Training Language Models via Neural Cellular Automata
Synthetic data from cellular automata boosts LLM performance by 6% while using 10x less data than natural language.
A team of researchers has published a groundbreaking paper proposing a novel method for training large language models (LLMs) using synthetic data generated by Neural Cellular Automata (NCA). The work, titled 'Training Language Models via Neural Cellular Automata,' addresses fundamental limitations of current pre-training, which relies on finite, biased natural language text that entangles knowledge with reasoning. The authors ask: is natural language the only path to intelligence? Their answer is a 'synthetic-then-natural' pipeline where models are first pre-trained on controllable, cheap-to-generate NCA data that exhibits rich spatiotemporal structures statistically similar to language.
Remarkably, pre-pre-training on just 164 million tokens of this synthetic data improved downstream language modeling performance by up to 6% and sped up convergence by 1.6 times. This small amount of synthetic data even outperformed pre-training on 1.6 billion tokens of natural language from Common Crawl. The performance gains transferred to key reasoning benchmarks like GSM8K for math, HumanEval for code, and BigBench-Lite. The researchers found that the attention layers in transformer models were the most transferable components from synthetic to natural training.

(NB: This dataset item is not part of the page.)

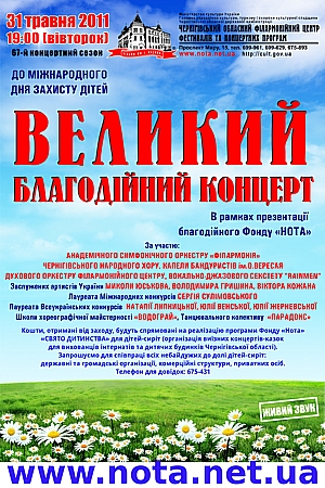 Спешите вместе с фондом «Нота» подарить детям-сиротам незабываемый праздник! Для этого надо всего лишь внести свой маленький, посильный каждому, вклад — купить билет на Большой благотворительный концерт, который состоится 31 мая в зале филармонического центра. В благотворительном концерте примут участие лучшие коллективы филармонического центра: академический симфонический оркестр «Филармония», Черниговский народный хор, секстет Академического камерного хора им. Д. Бортнянского, заслуженные артисты Украины Николай Юськов, Владимир Гришин, Виктор Кожан, лауреат Всеукраинских и Международных конкурсов Сергей Сулимовский, лауреат Всеукринских конкурсов Наталья Липницкая,школа хореографического мастерства «Водограй», артисты Юлия Венская, Наталья Липницкая, Юлия Жерневская, театр танца «Экватор», степ-квартет «Степ-ап», танцевальный коллектив «Парадокс».

Crucially, the study revealed that optimal NCA complexity is domain-specific. Simpler automata dynamics worked better for coding tasks, while more complex dynamics benefited mathematical reasoning and general web text modeling. This finding enables the systematic tuning of synthetic data distributions to target specific downstream applications. The work opens a new research direction toward more efficient, potentially fully synthetic pre-training pipelines that could reduce reliance on massive, copyrighted, or biased text corpora.
- Pre-training on 164M NCA tokens improved language modeling by 6% and accelerated convergence by 1.6x.
- Synthetic data outperformed 10x more natural language data (1.6B tokens) from Common Crawl for pre-training efficiency.
- Gains transferred to reasoning benchmarks (GSM8K, HumanEval) with optimal NCA complexity varying by domain (code vs. math).
Why It Matters
Offers a path to train more capable AI with less data, lower cost, and reduced human bias, potentially disrupting how foundation models are built.